• TASK INPUT:
------------------------
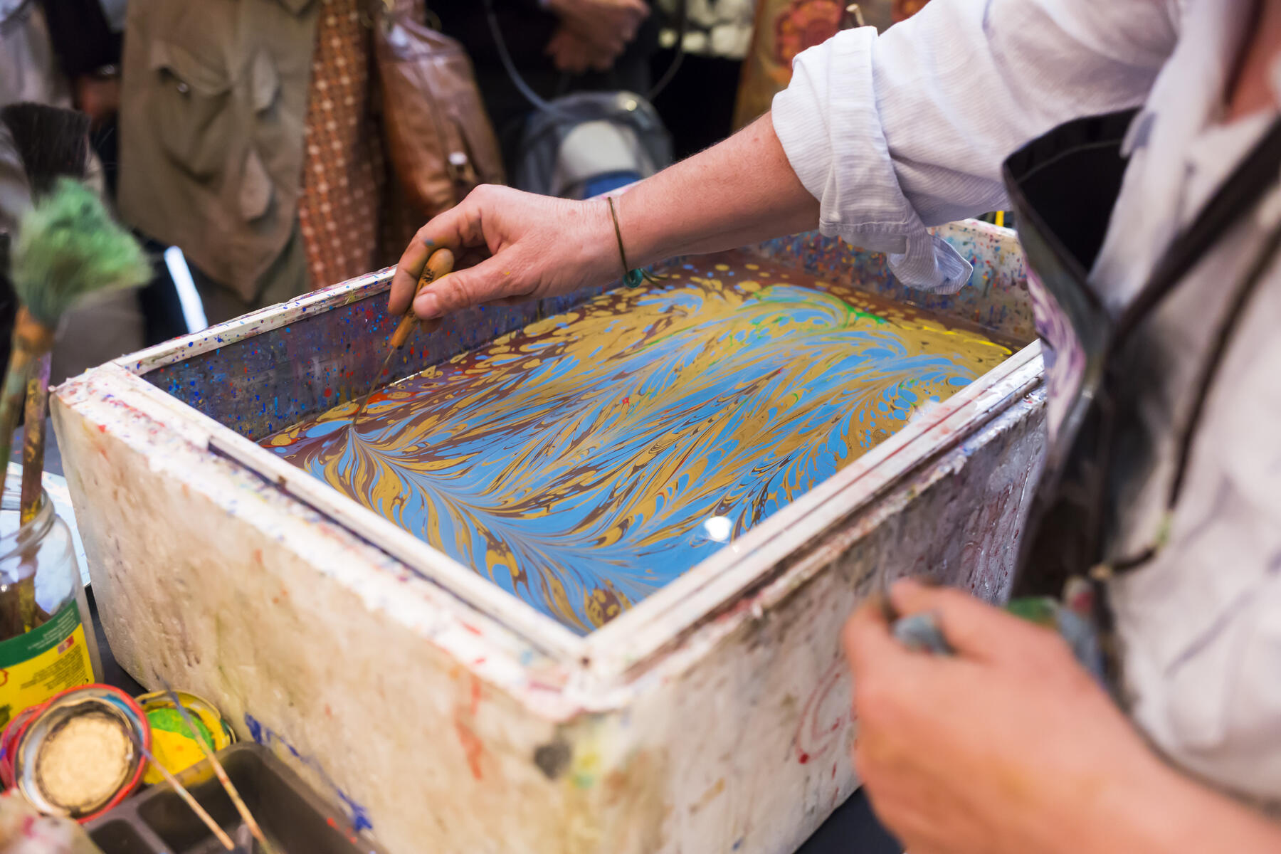 6x25 ml/fp. Oljebaserad marmoreringsfärg i droppflaska av plast. Återförslutningsbar skruvkork. Marmorering kräver ingen förberedelse. Färgerna droppas ovanpå en vattenyta och formas till mönster med sticka eller annat redskap innan marmorering. Fungerar på papper, kartong och liknande ytor. För bästa resultat börja med mörkare färger i badet. Enkel handledning medföljer. PVC-fri. Från 3 år.
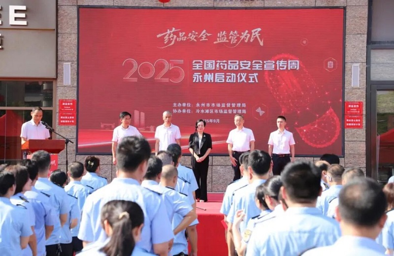 9月1日,2025年“全国药品安全宣传周”永州启动仪式在冷水滩举行,市人民政府副市长周云玲出席并宣布仪式启动,市人民政府副秘书长邓海波主持,冷水滩区副区长唐勇军致辞,药品、医疗器械、化妆品生产经营使用单位代表作表态发言,市市场监督管理局党组书记、局长艾克海讲话。
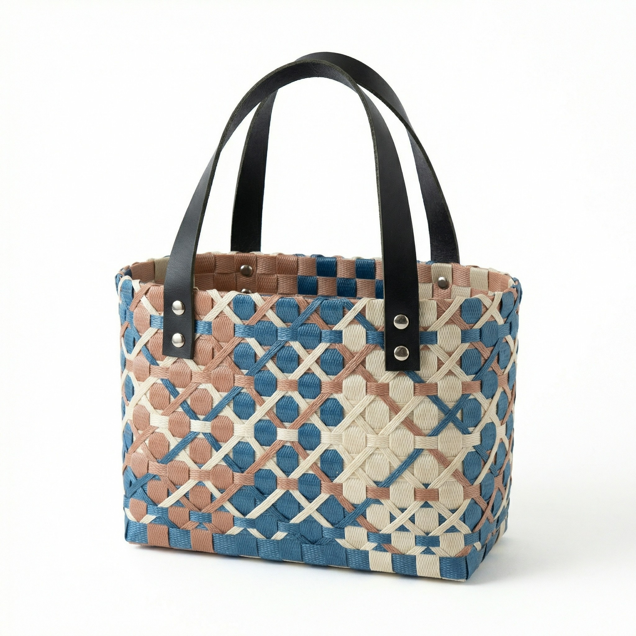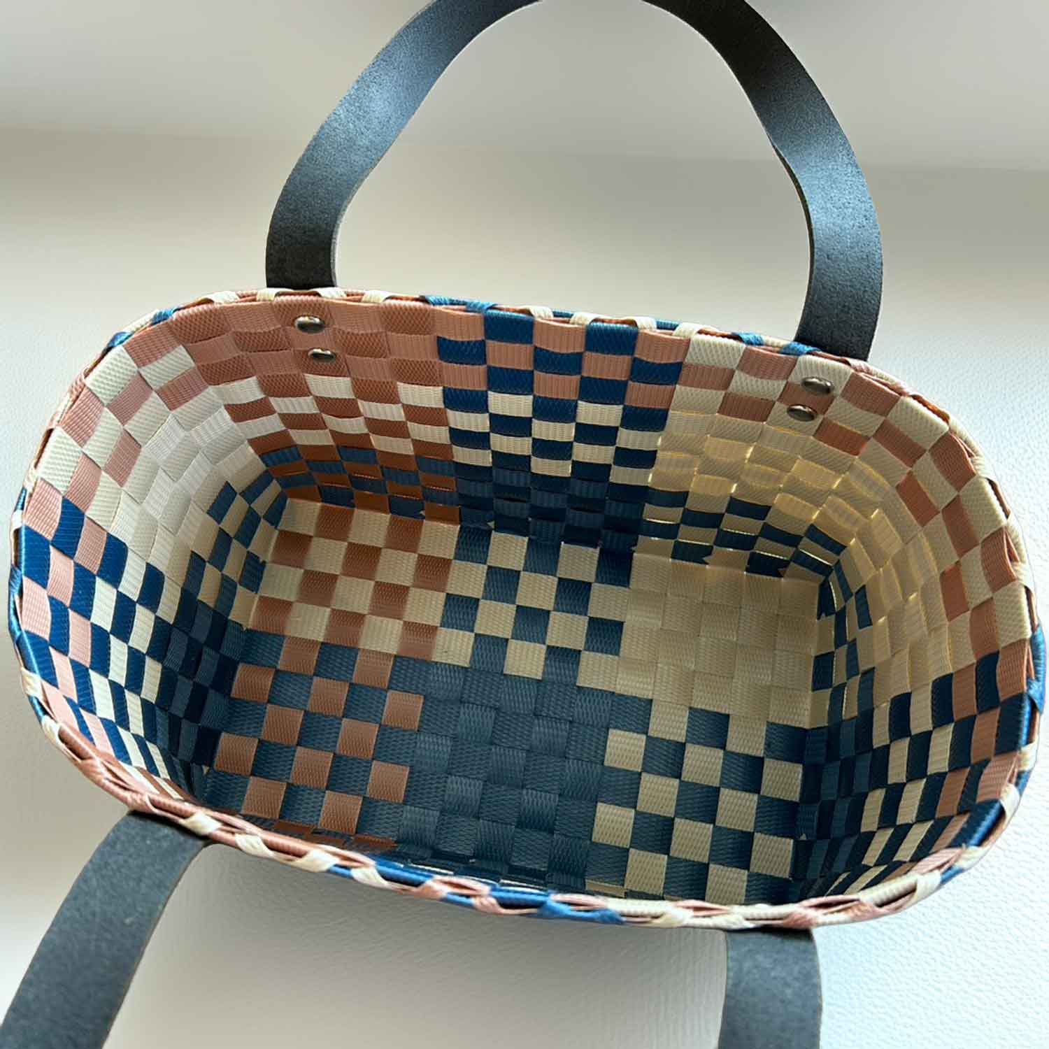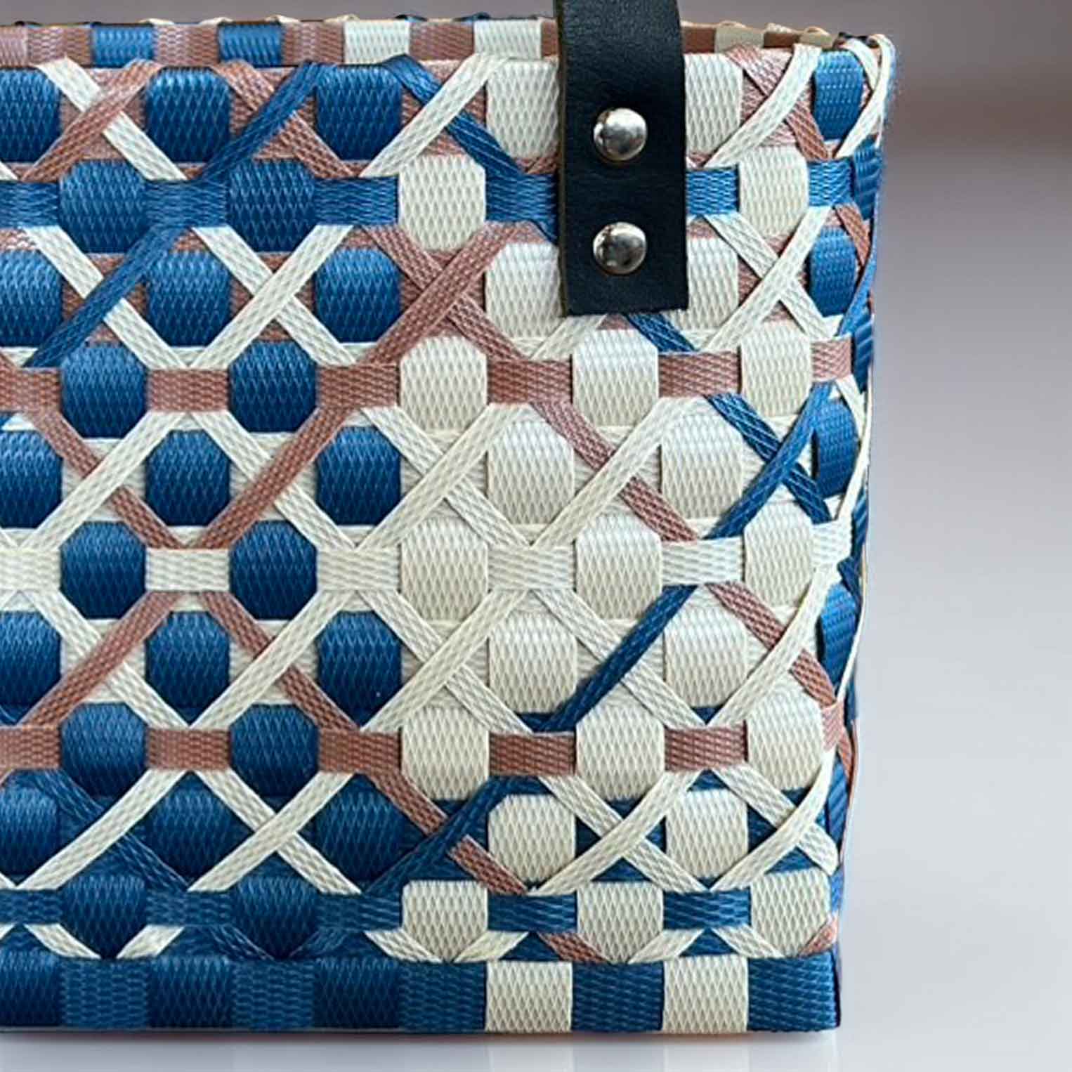PPバンドを使って、一つひとつ丁寧に編み上げたハンドメイドのプラカゴです。
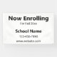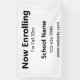 Now Enrolling is near the top of the banner. The second line says for Fall 20xx. The third line is in a bold font for the school name. The next line is for the school's phone number. The final line of text is for the school website. All text is black and can be edited or deleted. The banner is white.
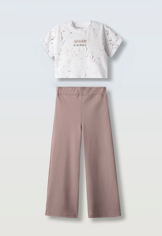24-04360 Μπλουζάκι πλεχτό, διχρωμία, για κορίτσια
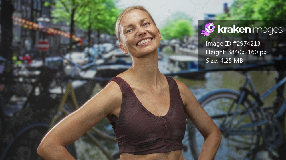 Woman smiling with bare midriff and hands on hips in a street scene with bicycles and canal; confidence wellness energy.
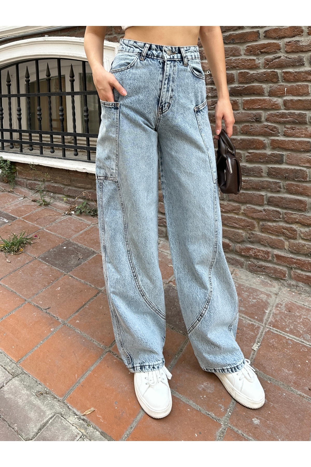 Y2k Yandan Cep Ön Yan Cep Detay Bol Paça Kar Kimyasallı Y2k Yandan Cep Ön Yan Cep Detay Bol Paça Kar Kimyasallı 2505 44
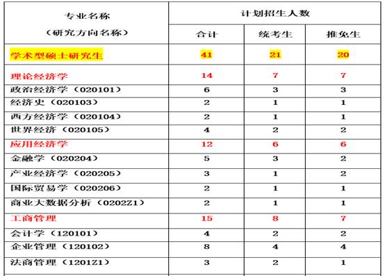 计划招收学术型硕士研究生41人,其中推免生20名,统考生21名,如下1表所示。
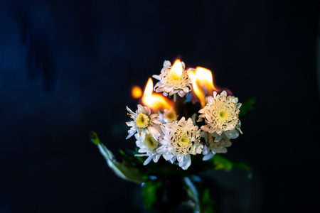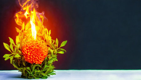 Burning plant on a blue background. Close-up. Macro. Shallow depth of field. generative ai
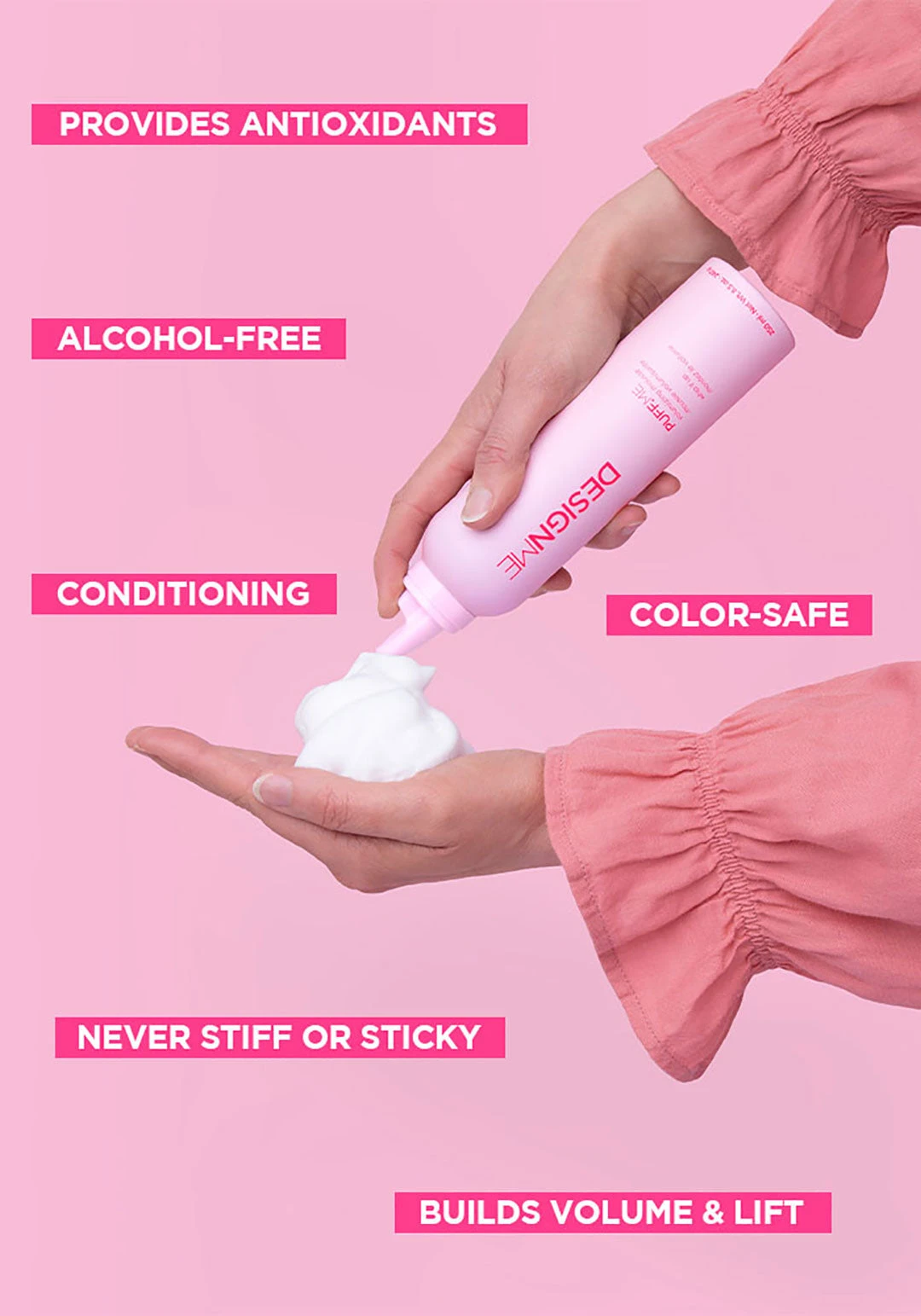 DesignMe Puff.Me Volumizing Mousse 250ml transforms hair, giving it noticeable volume & body from roots to ends. It features a lighter-than-air texture that seamlessly melts into your hair, providing long-lasting hold, without any residue or crunch. Built-in heat protection means you can add a curling iron, wand, or hot rollers for extra oomph, totally guilt free.
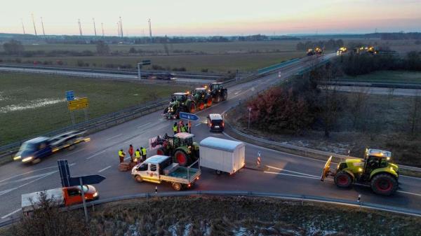 抗议的农民封锁了高速公路坡道
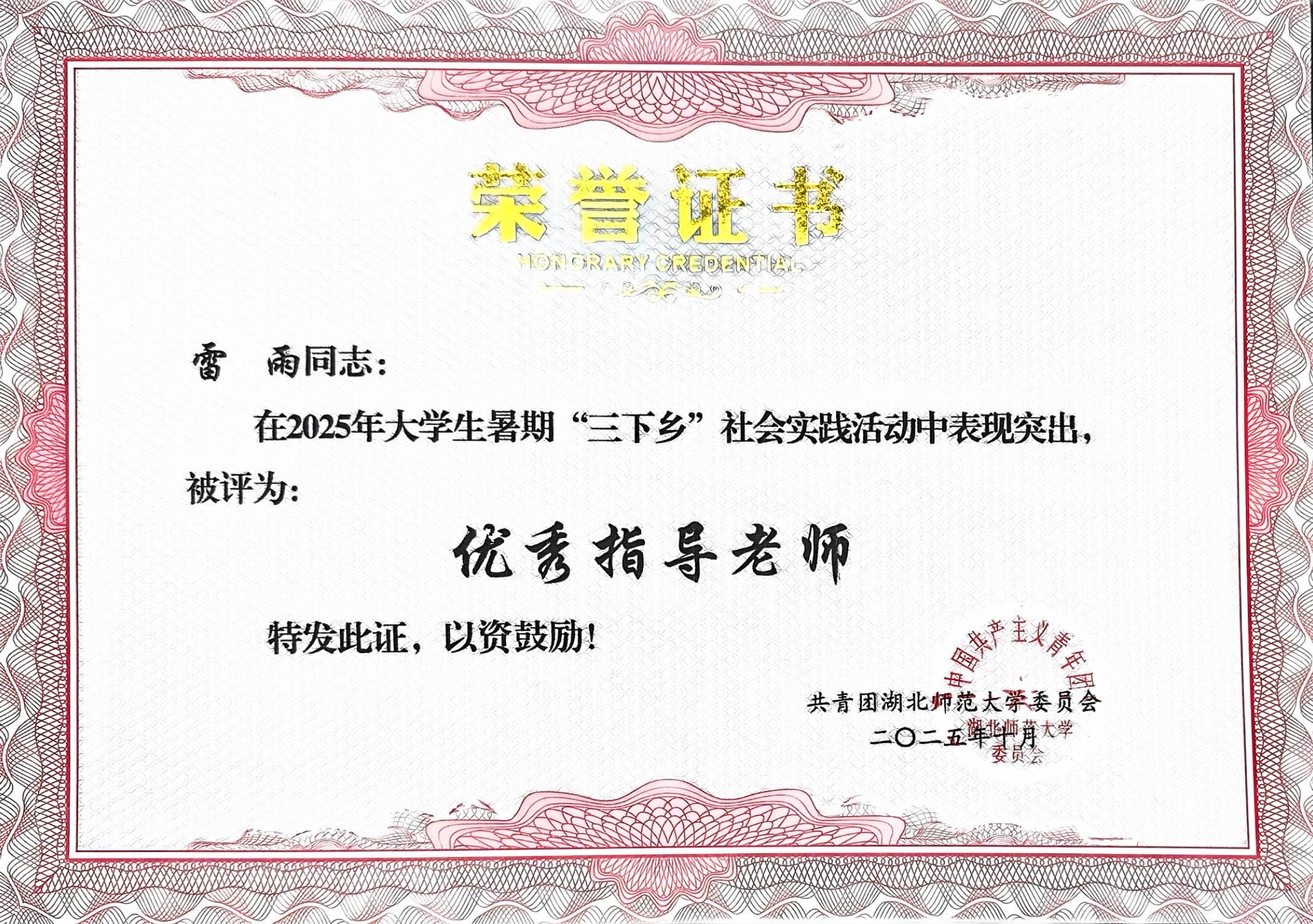 雷雨老师获2025年暑期社会实践优秀指导老师
------------------------
• EXERCISE:
Only the lines from the start of the records above through the line containing "PPバンドを使って、一つひとつ丁寧に編み上げたハンドメイドのプラカゴです。" should be returned, exactly and with both ends, please; the pictures stay out.

• EXPECTED ANSWER:
 6x25 ml/fp. Oljebaserad marmoreringsfärg i droppflaska av plast. Återförslutningsbar skruvkork. Marmorering kräver ingen förberedelse. Färgerna droppas ovanpå en vattenyta och formas till mönster med sticka eller annat redskap innan marmorering. Fungerar på papper, kartong och liknande ytor. För bästa resultat börja med mörkare färger i badet. Enkel handledning medföljer. PVC-fri. Från 3 år.
 9月1日,2025年“全国药品安全宣传周”永州启动仪式在冷水滩举行,市人民政府副市长周云玲出席并宣布仪式启动,市人民政府副秘书长邓海波主持,冷水滩区副区长唐勇军致辞,药品、医疗器械、化妆品生产经营使用单位代表作表态发言,市市场监督管理局党组书记、局长艾克海讲话。
PPバンドを使って、一つひとつ丁寧に編み上げたハンドメイドのプラカゴです。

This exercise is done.